- Что с Вами произошло, госпожа? - ощутил надломленный лед Ворон.
- Да так… - отмахнулась девушка, порхая раненой медузой среди вновь смеркавшихся комнат, хотела сказать уже давно, словно доказывая нечто, - знаешь… Несовершенное ты все-таки существо, может, и сильное, может, и фаталист, а все-таки никогда и никого не любил, я не о страсти, нет… Но как же ты мир познаешь, если ничего не чувствуешь, никого не любишь, не имеешь формы?
- Любовь - лишь напрасная боль, - отозвался задумчиво Цетон, глаза его словно исчезли в какой-то зловещей тени, остался только жестко очерченный рот и острый нос. Как будто потерялось на миг человеческое обличие. - Да и познание иначе как разумом.
- Можно долго рассказывать о добре, приводить аргументы в пользу добра, но, если ты его не чувствуешь - оно становится еще одним проявлением пустоты, - отозвалась Розалинда, утопая где-то в гроте тяжелого кресла в гостиной.
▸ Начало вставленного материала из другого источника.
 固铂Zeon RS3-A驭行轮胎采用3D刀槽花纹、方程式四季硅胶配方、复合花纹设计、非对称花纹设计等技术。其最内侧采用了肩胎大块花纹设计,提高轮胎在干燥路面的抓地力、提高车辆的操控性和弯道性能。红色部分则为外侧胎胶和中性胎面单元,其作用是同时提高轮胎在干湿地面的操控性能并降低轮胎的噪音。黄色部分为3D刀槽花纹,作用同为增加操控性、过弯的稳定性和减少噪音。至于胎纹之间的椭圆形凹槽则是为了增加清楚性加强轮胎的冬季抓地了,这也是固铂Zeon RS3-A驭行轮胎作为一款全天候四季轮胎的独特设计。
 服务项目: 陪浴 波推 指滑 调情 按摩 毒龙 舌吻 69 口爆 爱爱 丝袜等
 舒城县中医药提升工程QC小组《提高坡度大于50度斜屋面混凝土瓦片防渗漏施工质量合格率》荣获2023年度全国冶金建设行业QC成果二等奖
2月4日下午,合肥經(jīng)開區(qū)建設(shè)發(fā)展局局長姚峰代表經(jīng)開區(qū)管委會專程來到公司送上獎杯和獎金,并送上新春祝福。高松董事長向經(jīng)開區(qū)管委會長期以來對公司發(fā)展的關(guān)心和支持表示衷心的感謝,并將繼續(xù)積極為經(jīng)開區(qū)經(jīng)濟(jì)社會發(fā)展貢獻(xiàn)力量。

- Как по-вашему, госпожа, лучше делать добро со злыми намерениями или зло с добрыми? - хитро поставил вопрос Цетон.
- Казуистика… Хотя… Да нет, лучше не говорить, будто я с тобой согласна. Двойные стандарты, ты намеренно искажаешь истину, ты хорошо все сам знаешь, знаешь больше меня, а воспринимаешь словно через кривое зеркало. Знание не есть истина, - пространно усталым голосом рассуждала Розалинда, словно не намеренная куда-либо идти, словно не за кого было бороться, да и сама борьба не имела смысла, хотя что-то заставляло делать сознание своей вины - она разрушила, она своими вопросом. Зачем же тогда Вопрос? Какова тогда цена Ответа?
- Эгоизм… Какой же мой эгоизм! - вздохнула наконец она и приказала: - Ладно, собираемся. Говори, куда идти сначала?
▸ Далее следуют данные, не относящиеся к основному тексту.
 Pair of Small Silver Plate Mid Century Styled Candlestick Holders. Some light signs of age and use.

- Как прикажете, сначала стоит узнать, где находился офис и какой деятельностью занималась компания, местоположение офиса я узнал, исследуя квартиру, однако, исходя из клочка бумаги, не удалось установить ничего, кроме названия.
- Отправляемся на место, тебе не показалось, что кто-то пытался уничтожить все свидетельства и документы?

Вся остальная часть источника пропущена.